SelectKBest
import pandas as pd
import numpy as np
data = pd.read_csv('covid.train.csv')
x = data[data.columns[1:94]]
y = data[data.columns[94]]
from sklearn.feature_selection import SelectKBest
from sklearn.feature_selection import f_regression
from sklearn import preprocessing
x = (x - x.min()) / (x.max() - x.min())
bestfeatures = SelectKBest(score_func=f_regression, k=5)
fit = bestfeatures.fit(x,y)
dfscores = pd.DataFrame(fit.scores_)
dfcolumns = pd.DataFrame(x.columns)
#concat two dataframes for better visualization
featureScores = pd.concat([dfcolumns,dfscores],axis=1)
featureScores.columns = ['Specs','Score'] #naming the dataframe columns
print(featureScores.nlargest(20,'Score')) #print 15 best features
通过以上代码,可以学习到 Sklearn的 SelectKBest
根据文档描述 Select features according to the k highest scores. 它有两个参数,一个是score_func,一个则是k.
score_func是函数,它的作用是给特征进行打分,然后从高到底选取特征。
该函数用于选取关联性较好的特征
train_test_split
from sklearn.model_selection import train_test_split
X_train, X_test, y_train, y_test = train_test_split(data, y,
test_size=0.1, random_state=2) #将数据划分训练集和测试集,random_state随机数种子
该函数用于分离训练集和测试集
KFold, StratifiedKFold, GroupKFold
该函数常用于K折交叉验证
KFold
>>> import numpy as np
>>> from sklearn.model_selection import KFold
>>> X = ["a", "b", "c", "d"]
>>> kf = KFold(n_splits=2)
>>> for train, test in kf.split(X):
... print("%s %s" % (train, test))
[2 3] [0 1]
[0 1] [2 3]
直接将数据随机分成K折
StratifiedKFold
>>> from sklearn.model_selection import StratifiedKFold
>>> X = np.ones(10)
>>> y = [0, 0, 0, 0, 1, 1, 1, 1, 1, 1]
>>> skf = StratifiedKFold(n_splits=3)
>>> for train, test in skf.split(X, y):
... print("%s %s" % (train, test))
[2 3 6 7 8 9] [0 1 4 5]
[0 1 3 4 5 8 9] [2 6 7]
[0 1 2 4 5 6 7] [3 8 9]
StratifiedKFold根据数据集进行划分,使划分的数据集的目标比例和原始数据集近似。
GroupKFold
>>> from sklearn.model_selection import GroupKFold
>>> X = [0.1, 0.2, 2.2, 2.4, 2.3, 4.55, 5.8, 8.8, 9, 10]
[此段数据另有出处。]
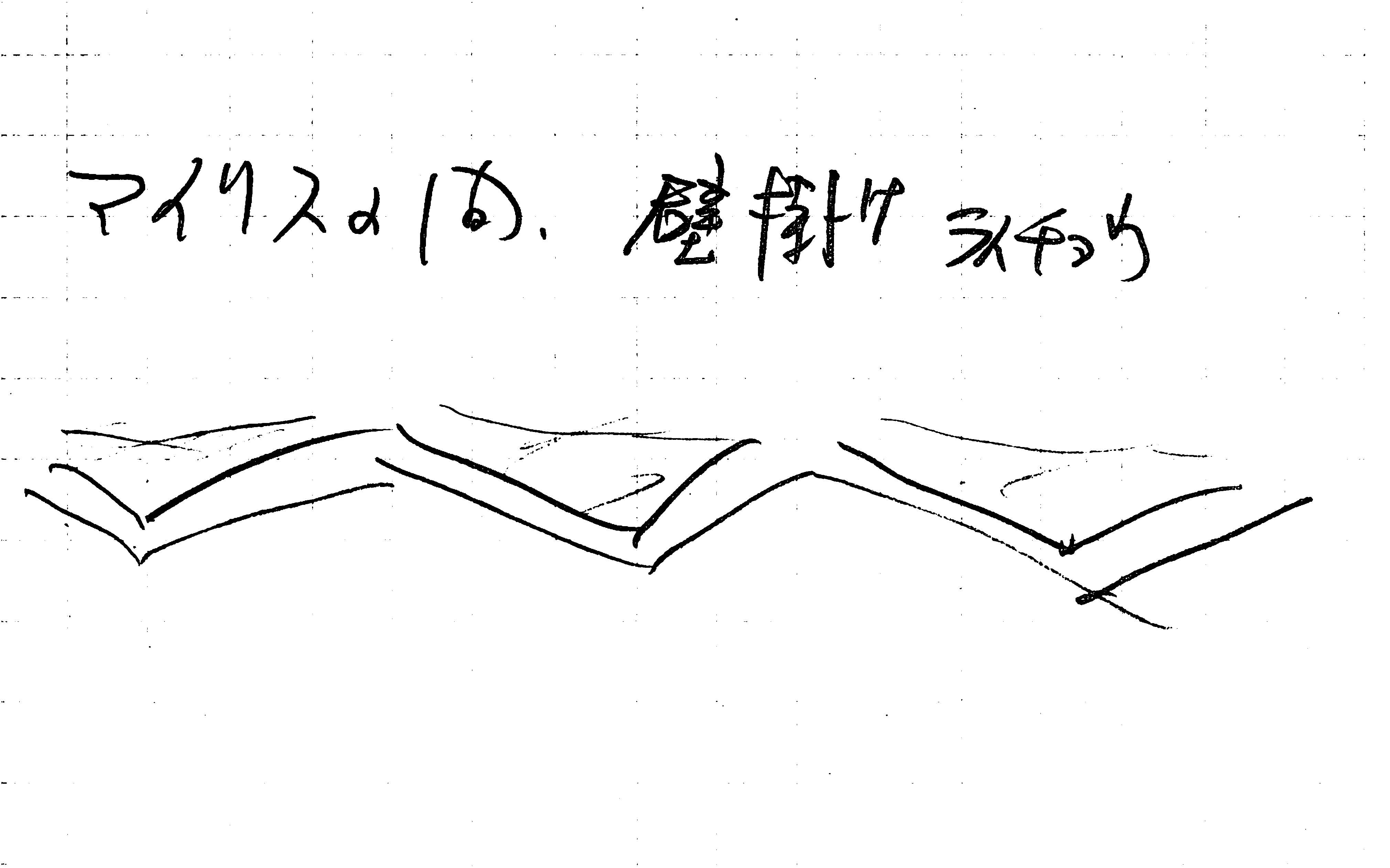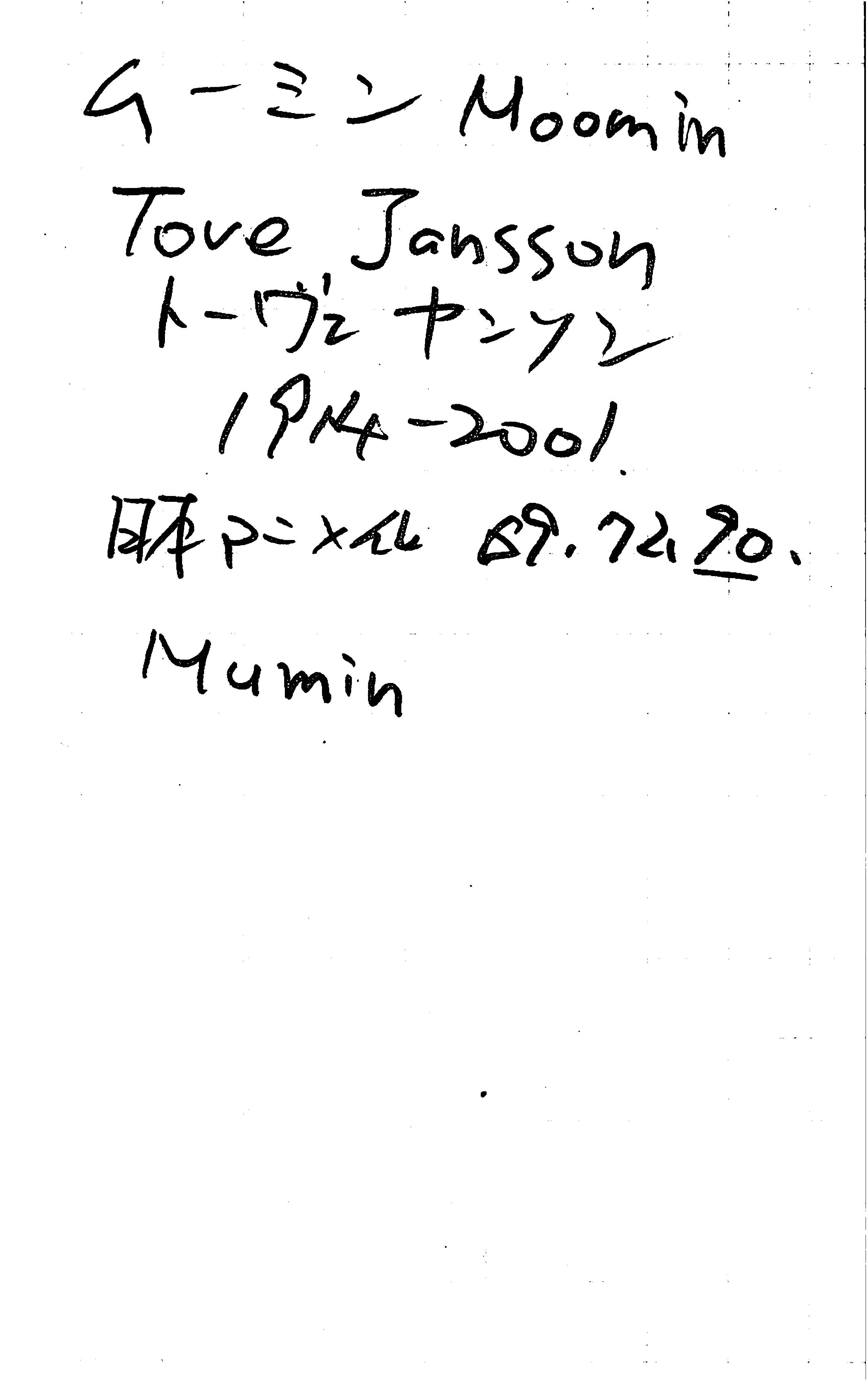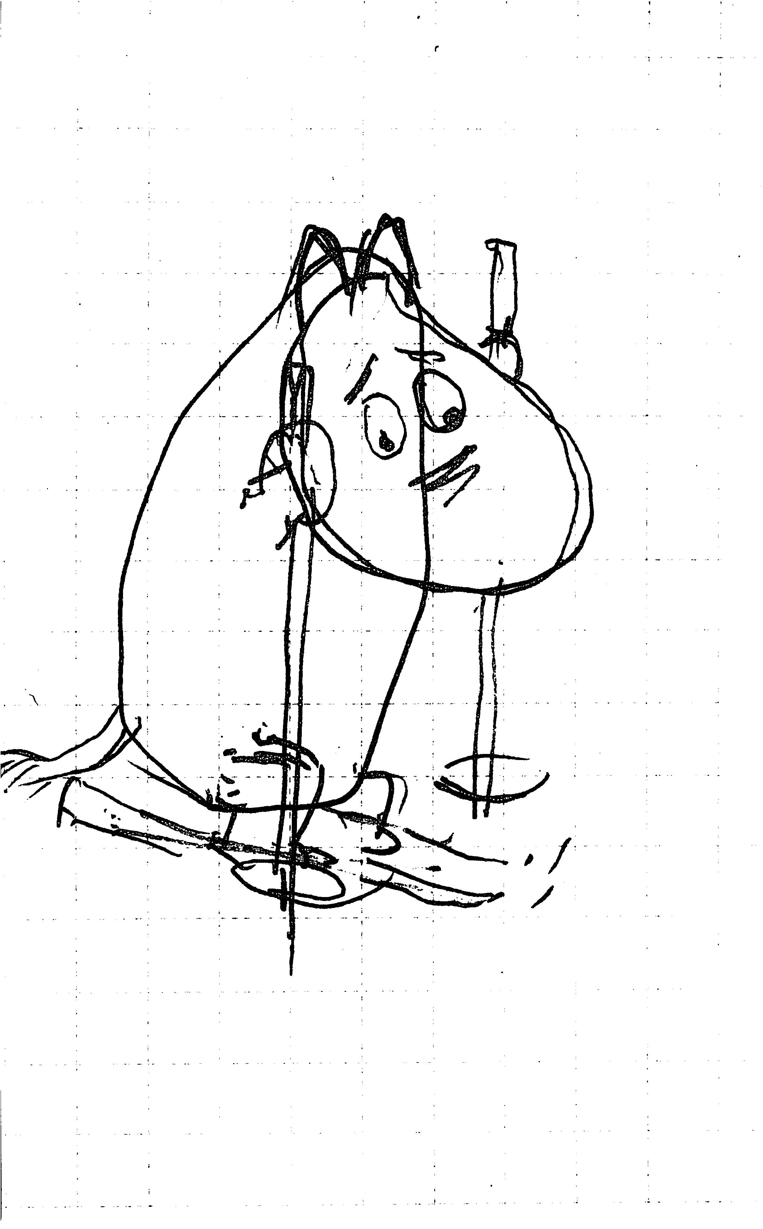 トーヴェヤンソンのスケッチを書きとったもの。大きな雪の丘を前にムーミン困りげ。

>>> y = ["a", "b", "b", "b", "c", "c", "c", "d", "d", "d"]
>>> groups = [1, 1, 1, 2, 2, 2, 3, 3, 3, 3]
>>> gkf = GroupKFold(n_splits=3)
>>> for train, test in gkf.split(X, y, groups=groups):
... print("%s %s" % (train, test))
[0 1 2 3 4 5] [6 7 8 9]
[0 1 2 6 7 8 9] [3 4 5]
[3 4 5 6 7 8 9] [0 1 2]
GroupKFold会保证同一个Group的数据集不会同时出现在训练集和测试集上。